Article 24: Supervisory and consultation tasks
24.1. The person responsible for the Safety Data Company A. Spyropoulos and Co is responsible for recording the compliance with national and international law on the protection of personal data, and with this Code of Conduct.
24.2. Personal Data Protection Officers will examine on site all processing methods, including the use of personal data.
Article 25: Employee Training and Commitment
A. Spiropoulos and SIA OE provide appropriate training programs and procedures for the training of their employees with regard to the lawful processing of personal data and the implementation of this Code of Conduct.
Article 26: Cooperation with Supervisory Authorities
A. Spiropoulos and Co. Ltd. agrees to respond to requests and to comply with the instructions of the competent supervisory authorities responsible for overseeing the application of national legislation on the protection of personal data.
Article 27: Definitions
A. Spyropoulos and Co. OE:
The Company A. Spiropoulos and Co. SA and all the companies in which the above participates directly or indirectly in more than 50% or each company that it controls or its members are members of another company with more than 50%. Responsible or responsible Company: The company determines the purposes and means of processing the personal data of customers, employees, and members.
Data subject: The natural or legal persons to whom the data relate and whose identity is known or can be ascertained by the responsible company in which the subject is a customer or an employee or member.
Personal data: Any information addressed to the data subject. Personal data are not considered as personal data, but aggregated data from which the data subjects can no longer be identified.
Sensitive personal data: Every data revealing racial or ethnic origin, political opinions, religious or philosophical beliefs, trade union or relating to health or sexual life, criminal charges or convictions, as well as participation in relevant the above-mentioned person compounds.
Processing of Personal Data or edit: Any operation or set of operations which is performed on personal data, such as collection, recording, organization, preservation, storage, modification, export, use, transmission, dissemination or otherwise making available, alignment or combination, interconnection, freezing , deletion, destruction.

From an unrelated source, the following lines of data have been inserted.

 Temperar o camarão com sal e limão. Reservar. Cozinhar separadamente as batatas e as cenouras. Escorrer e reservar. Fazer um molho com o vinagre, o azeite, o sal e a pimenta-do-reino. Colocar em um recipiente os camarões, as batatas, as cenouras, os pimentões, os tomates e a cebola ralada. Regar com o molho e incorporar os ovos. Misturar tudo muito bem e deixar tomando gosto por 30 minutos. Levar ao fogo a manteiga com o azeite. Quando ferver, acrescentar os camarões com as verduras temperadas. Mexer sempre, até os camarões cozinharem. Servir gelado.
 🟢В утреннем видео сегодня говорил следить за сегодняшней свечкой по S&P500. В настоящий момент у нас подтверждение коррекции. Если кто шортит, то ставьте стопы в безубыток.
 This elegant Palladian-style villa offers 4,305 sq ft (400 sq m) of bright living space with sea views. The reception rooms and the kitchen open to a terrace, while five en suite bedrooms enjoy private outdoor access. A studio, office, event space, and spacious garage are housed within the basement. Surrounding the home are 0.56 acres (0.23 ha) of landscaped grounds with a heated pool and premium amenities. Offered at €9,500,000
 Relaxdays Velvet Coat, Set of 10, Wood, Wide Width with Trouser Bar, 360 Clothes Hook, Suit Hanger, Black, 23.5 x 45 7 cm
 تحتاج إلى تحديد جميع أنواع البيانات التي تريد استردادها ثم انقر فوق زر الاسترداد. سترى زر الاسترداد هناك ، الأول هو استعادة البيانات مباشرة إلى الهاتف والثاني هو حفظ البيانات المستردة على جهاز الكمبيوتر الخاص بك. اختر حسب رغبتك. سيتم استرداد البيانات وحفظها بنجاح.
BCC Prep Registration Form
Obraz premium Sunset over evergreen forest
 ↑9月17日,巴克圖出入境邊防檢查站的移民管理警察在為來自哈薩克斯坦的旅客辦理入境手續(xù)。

Consent of the data subject: Any free, explicit and specific statement of intent, expressed in a clear and fully aware manner, by which the data subject, after being informed, accepts the processing of personal data they concern it. This information shall include, at least for the purposes of the processing, the data or categories of data concerned by the processing, recipients or categories of recipients of the personal data, as well as the name, address and address of the controller and any his representative. Consent can be revoked at any time, with no retroactive effect.
Addressee of the data: Any natural or legal person, public authority or service or any other organization to which the data is disclosed, whether or not a third party.

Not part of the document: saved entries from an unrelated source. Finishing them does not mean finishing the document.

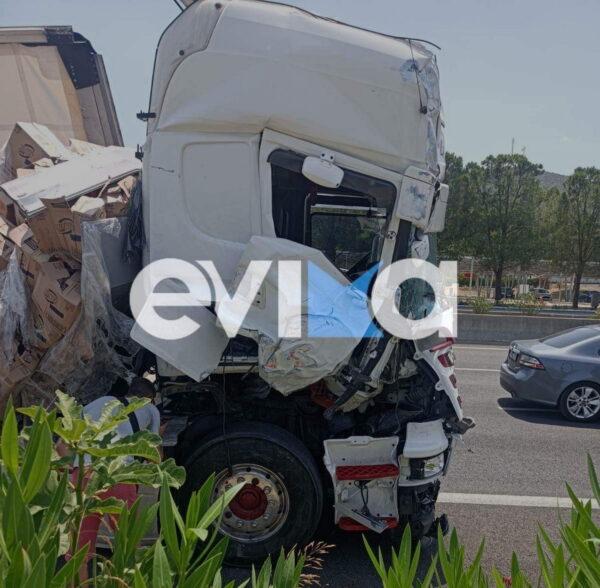 Σύμφωνα με το evima.gr, το τροχαίο με τις νταλίκες σημειώθηκε υπό άγνωστες συνθήκες. Τα δύο μεγάλα οχήματα μετέφεραν μπουκάλια με χλωρίνες, τα οποία σκορπίστηκαν πάνω στην άσφαλτο στην Εθνική Οδό Αθηνών – Λαμίας, ακριβώς κάτω από τη γέφυρα στο ύψος του ΣΕΑ Σείριου.
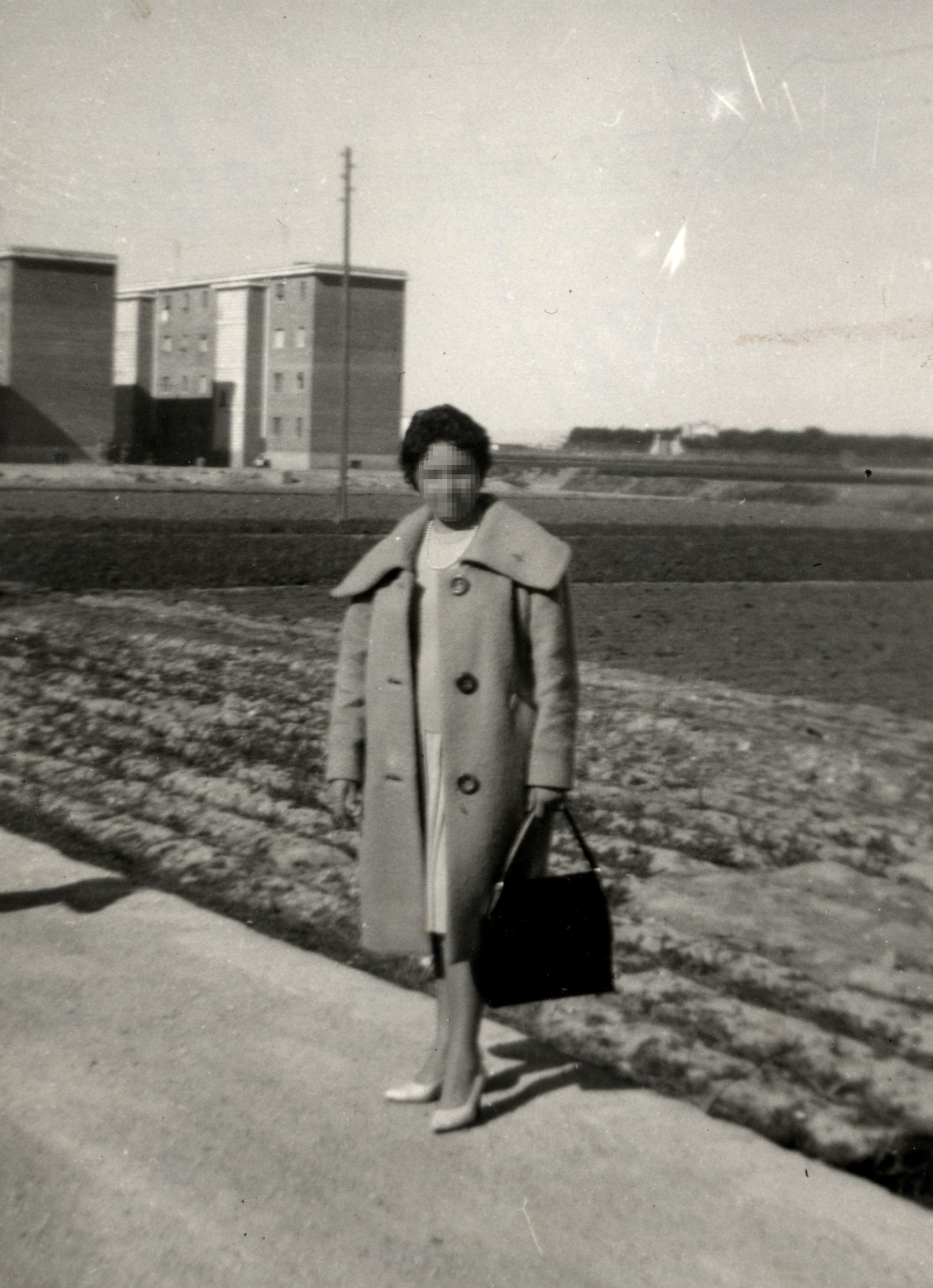 A tenor de la nota escrita en el reverso de la fotografía —la caligrafía conserva, por añadidura, ciertos rasgos infantiles—, nos encontramos en Catarroja, Valencia, en el año 1961. Los dos bloques de viviendas que asoman al fondo de la imagen confirman la ubicación real: se trataría de un punto próximo al por entonces límite oeste de la población, a lo largo del eje que conduce, aún hoy, al cementerio municipal. En efecto, allí se habían elevado, apenas unos años antes, cuatro bloques de viviendas sociales promovidos por el Instituto Nacional de la Vivienda al amparo del Decreto de 18 de octubre de 1957 conocido popularmente como Plan Riada. La imagen, de hecho, no es muy distinta de aquellas otras oficiales que sirvieran de propaganda a la empresa constructora de la Obra Sindical del Hogar y el Ayuntamiento de Valencia destinada a realojar a los damnificados de las dramáticas inundaciones del Turia. Pero el retrato de la mujer humaniza las asperezas de las nuevas construcciones y puede que hasta conjure el triste recuerdo; su orgullo y dignidad podrían residir, quién sabe, en uno de aquellos pisos, acaso recién adquirido por su nueva familia: su hogar y su destino.
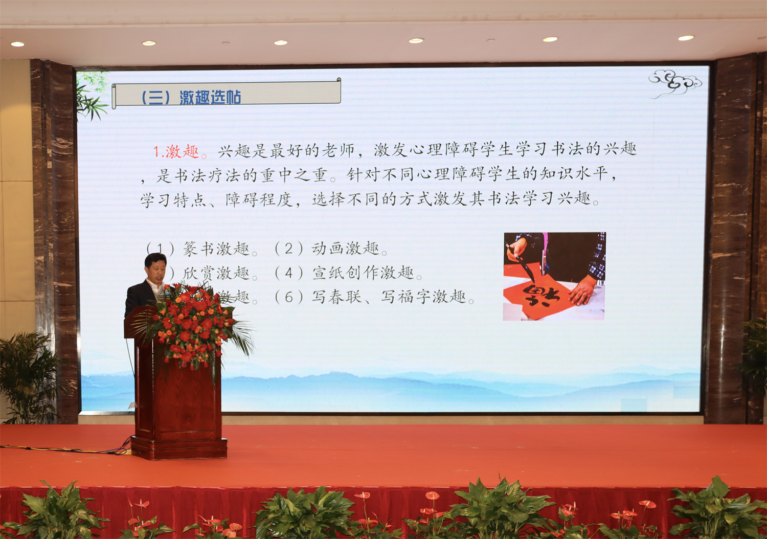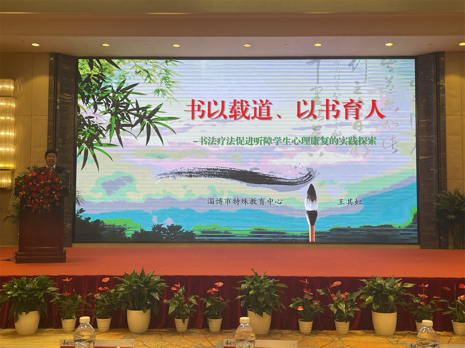 近日,2024年聽(tīng)障教育學(xué)術(shù)研討會(huì)暨聽(tīng)障學(xué)生貫通培養(yǎng)專(zhuān)題培訓(xùn)在浙江杭州召開(kāi),淄博市特教中心王其虹老師在會(huì)上以《書(shū)以載道 以書(shū)育人——書(shū)法療法促進(jìn)聽(tīng)障學(xué)生心理康復(fù)的實(shí)踐探索》為題作經(jīng)驗(yàn)交流。
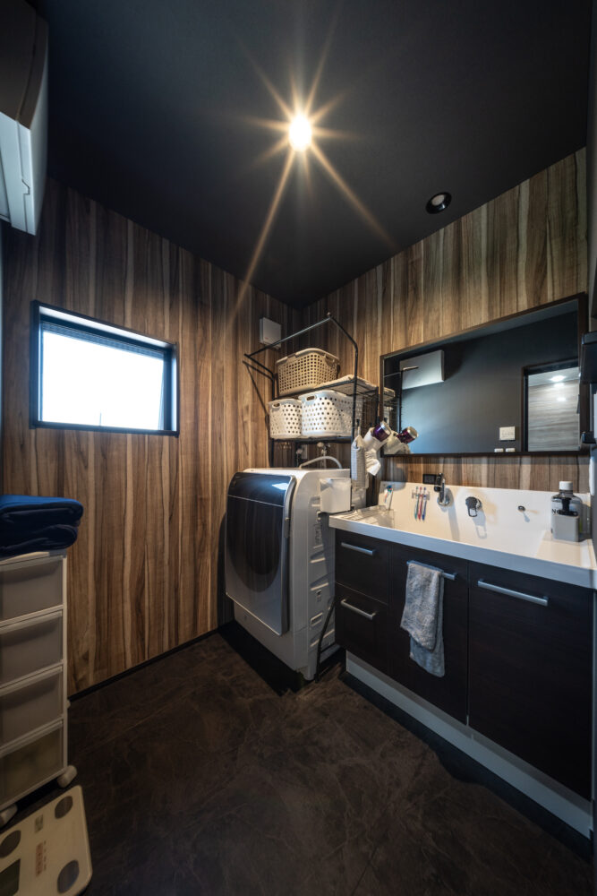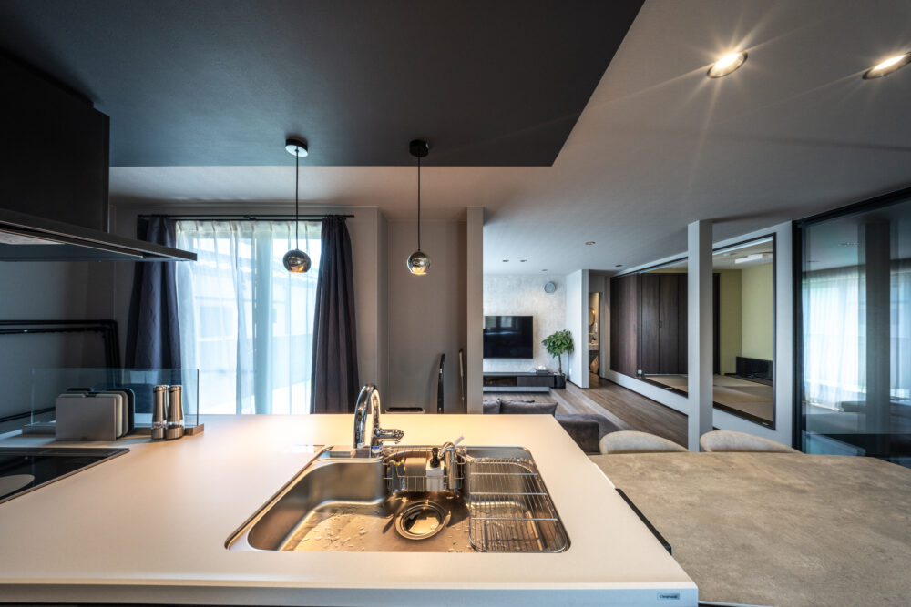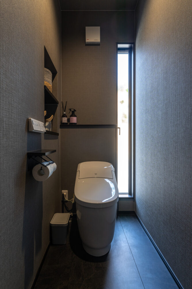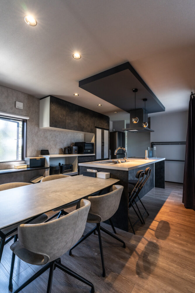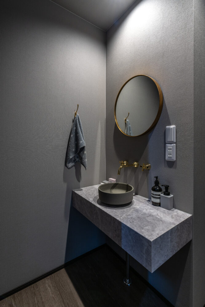 メインのクロスにライトグレーを採用。全体的にシックで落ち着いた空間に仕上がりました。アクセントとしてブラックや濃いブラウンも取り入れることでグッと引き締まり、ホテルライクな印象になっています。

Third: Any natural or legal person, public authority or service, or any other organization, other than the data subject, the controller and the persons authorized to process personal data if they are acting under the authority of or under the control of of the Processing Manager.
Editor: Anyone who determines the purpose and manner of processing of personal data, such as a natural or legal person, a public authority or a service. Where the purpose and method of processing are determined by law or regulation of national or Community law, the controller or the specific criteria on the basis of which his choice is made shall be determined, respectively, by national or Community law.
Processing: Any person processing personal data on behalf of the controller, such as a natural or legal person, public authority or service, or any other organization.
Personal data file: any structured set of personal data that is accessible according to specific criteria.